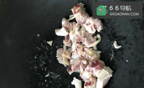 炒锅烧热,把鸡肉倒入,翻炒,把鸡肉多余的水分炒干。
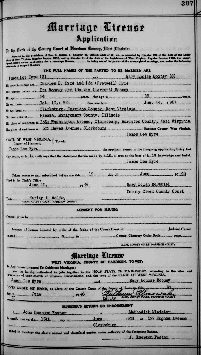 Married: James Lee Hyre, Sr. June 15, 1936 in Harrison County, West Virginia.
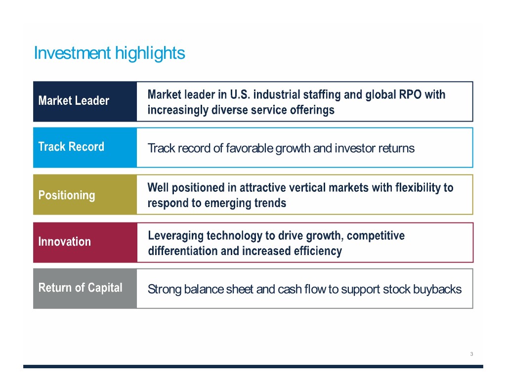 Segment strategy highlights 15%+ potential operating Attractive on-site solution Compelling value margin on incremental proposition with Perfect fit for larger attractive margins revenue clients with longer- duration / strategic need Global RPO market JobStackTM creating for contingent workers experiencing strong favorable differentiation growth with clients and Strength in the associates e-commerce vertical Leverage TMP acquisition to compete Focused on new client >30% of all orders now on global opportunities wins and margin filled by JobStack expansion Industry leading proprietary technology – rolling out AffinixTM, a next-generation HR tool Boost shareholder returns through share repurchase
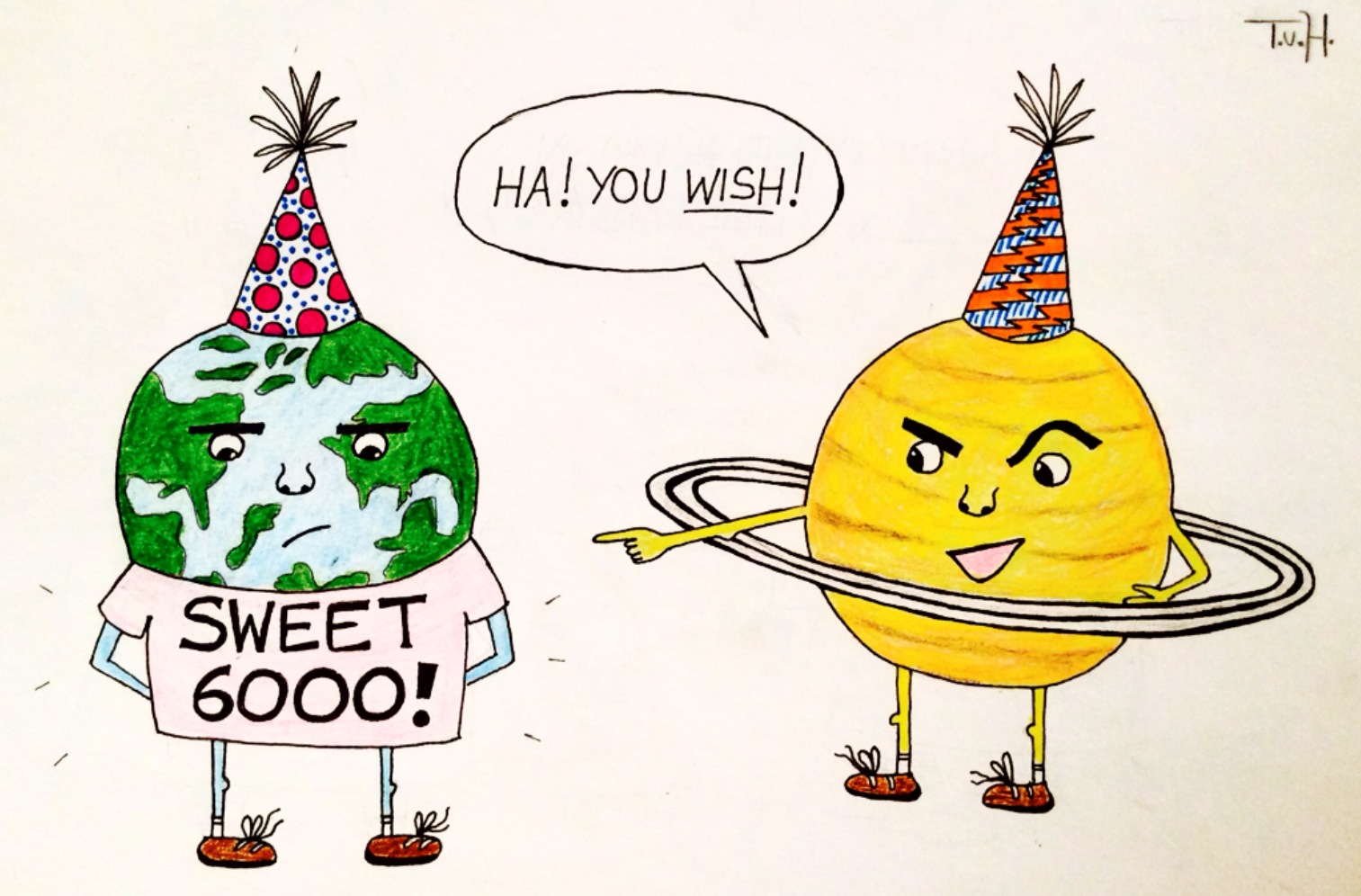I decided to take a short break from practicing for my recital next week and draw a lighthearted depiction of our poor planet’s resentment towards growing older. Given the worldwide human hatred of aging, why would the very planet we live on feel any different about it?
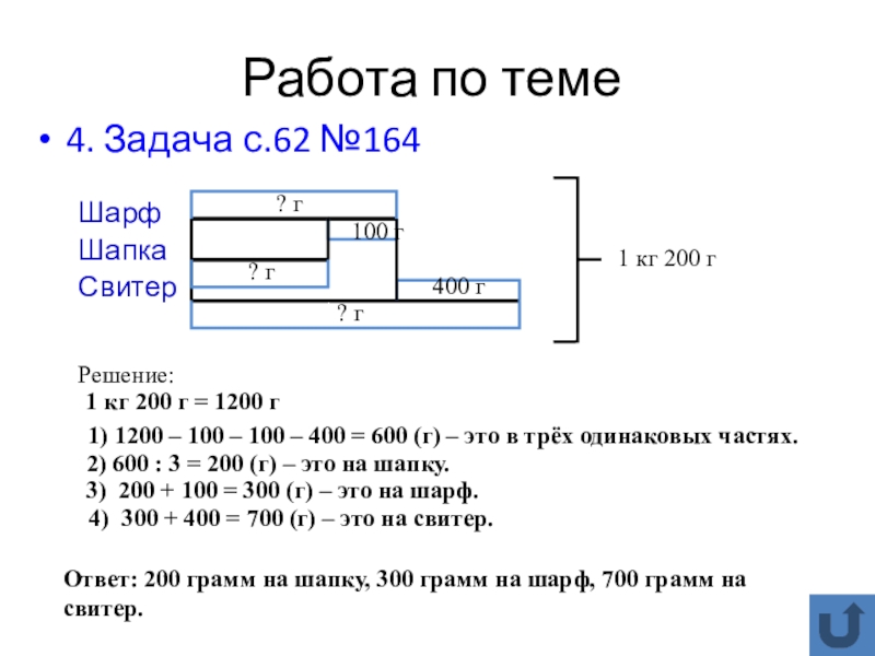 1) 1200 – 100 – 100 – 400 = 600 (г) – это в трёх одинаковых частях.
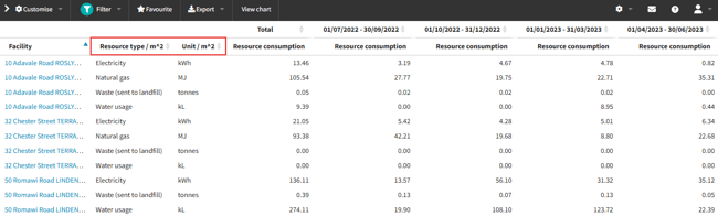 Example Periodic Report comparing quarterly Consumption per m^2 for each facility per resource
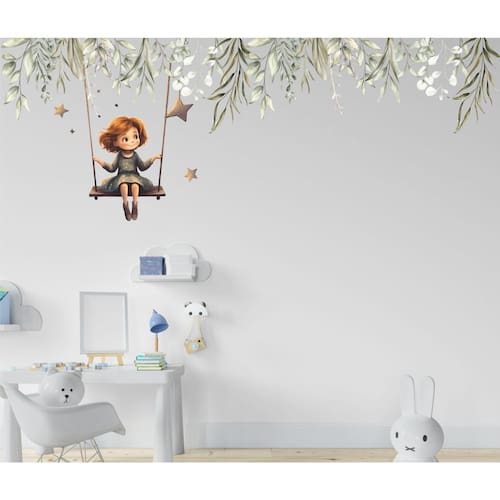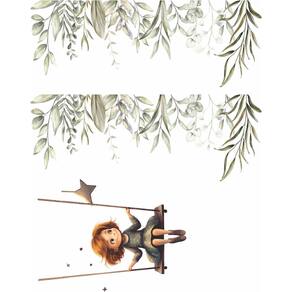 Medida: Contém: 02 Adesivos de Folhagens 1,15m x 45cm cada - Formando 2,30 x 45 de folhagens 01 Adesivos de Menina no balanço medindo 75 x 56cm
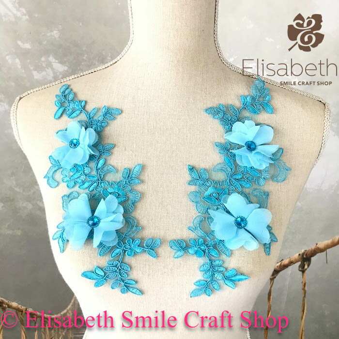 ストーン付きの立体的なお花のチュールモチーフです。 各種イベント、社交ダンス、ドレス、ステージ衣装、 舞台衣装、新体操、バトントワリング、レオタード、 演劇、ミュージカル、ベリーダンス、フィギュアスケート、 バレエ衣装、ウェディング、パーティーなど、 用途に合わせて楽しめるお洒落なアイテムです。 サイズ:H25cm W10cm カラー:ブルー 左右セット ※当店のオリジナルデザインとなります。
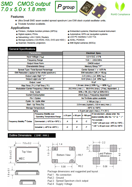 MERCURY晶振,MERCURY晶體振蕩器,HM572P有源晶體.石英晶體振蕩器在設(shè)計(jì)時(shí)就與各款型號(hào)IC匹配等相關(guān)技術(shù),使用IC與晶片設(shè)計(jì)匹配技術(shù):是高頻振蕩器研發(fā)及生產(chǎn)過程必須要解決的技術(shù)難題.在設(shè)計(jì)過程中除了要考慮石英晶體諧振器具有的電性外,還有石英晶體振蕩器的電極設(shè)計(jì)等有它的特殊性,必須考慮振蕩器的供應(yīng)電壓,起動(dòng)電壓和產(chǎn)品上升時(shí)間,下降時(shí)間等相關(guān)參數(shù).
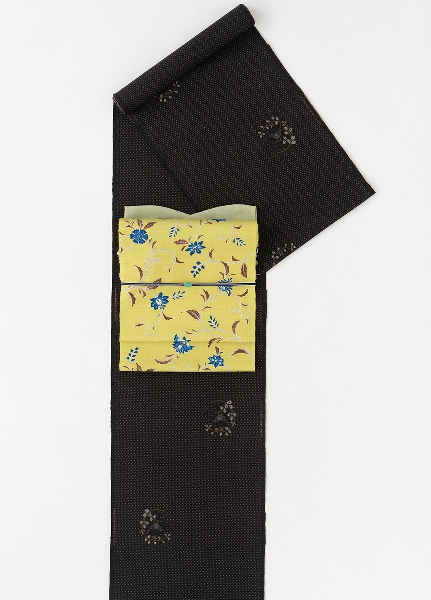 染九寸名古屋帯 更紗 黄色
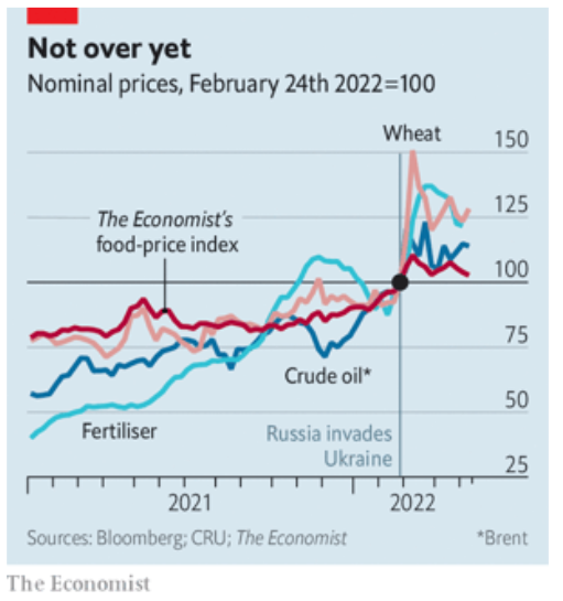 7. El 16 de mayo de 2022 los precios del trigo en Chicago, la referencia mundial, subieron 6%; el 18 de mayo fueron 39% más altos que cuando Rusia comenzó la invasión.
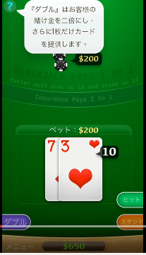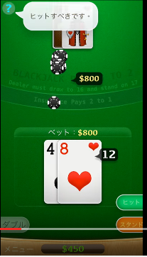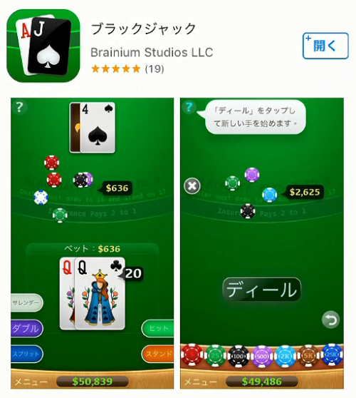なので、不慣れな初心者でも全く抵抗なく遊べるブラックジャックアプリになっています。
-=-=-
Task directions:
Restate every line above exactly, omitting images.

Answer for the task:
 炒锅烧热,把鸡肉倒入,翻炒,把鸡肉多余的水分炒干。
 Married: James Lee Hyre, Sr. June 15, 1936 in Harrison County, West Virginia.
 Segment strategy highlights 15%+ potential operating Attractive on-site solution Compelling value margin on incremental proposition with Perfect fit for larger attractive margins revenue clients with longer- duration / strategic need Global RPO market JobStackTM creating for contingent workers experiencing strong favorable differentiation growth with clients and Strength in the associates e-commerce vertical Leverage TMP acquisition to compete Focused on new client >30% of all orders now on global opportunities wins and margin filled by JobStack expansion Industry leading proprietary technology – rolling out AffinixTM, a next-generation HR tool Boost shareholder returns through share repurchase
I decided to take a short break from practicing for my recital next week and draw a lighthearted depiction of our poor planet’s resentment towards growing older. Given the worldwide human hatred of aging, why would the very planet we live on feel any different about it?
 1) 1200 – 100 – 100 – 400 = 600 (г) – это в трёх одинаковых частях.
 Example Periodic Report comparing quarterly Consumption per m^2 for each facility per resource
 Medida: Contém: 02 Adesivos de Folhagens 1,15m x 45cm cada - Formando 2,30 x 45 de folhagens 01 Adesivos de Menina no balanço medindo 75 x 56cm
 ストーン付きの立体的なお花のチュールモチーフです。 各種イベント、社交ダンス、ドレス、ステージ衣装、 舞台衣装、新体操、バトントワリング、レオタード、 演劇、ミュージカル、ベリーダンス、フィギュアスケート、 バレエ衣装、ウェディング、パーティーなど、 用途に合わせて楽しめるお洒落なアイテムです。 サイズ:H25cm W10cm カラー:ブルー 左右セット ※当店のオリジナルデザインとなります。
 MERCURY晶振,MERCURY晶體振蕩器,HM572P有源晶體.石英晶體振蕩器在設(shè)計(jì)時(shí)就與各款型號(hào)IC匹配等相關(guān)技術(shù),使用IC與晶片設(shè)計(jì)匹配技術(shù):是高頻振蕩器研發(fā)及生產(chǎn)過程必須要解決的技術(shù)難題.在設(shè)計(jì)過程中除了要考慮石英晶體諧振器具有的電性外,還有石英晶體振蕩器的電極設(shè)計(jì)等有它的特殊性,必須考慮振蕩器的供應(yīng)電壓,起動(dòng)電壓和產(chǎn)品上升時(shí)間,下降時(shí)間等相關(guān)參數(shù).
 染九寸名古屋帯 更紗 黄色
 7. El 16 de mayo de 2022 los precios del trigo en Chicago, la referencia mundial, subieron 6%; el 18 de mayo fueron 39% más altos que cuando Rusia comenzó la invasión.
なので、不慣れな初心者でも全く抵抗なく遊べるブラックジャックアプリになっています。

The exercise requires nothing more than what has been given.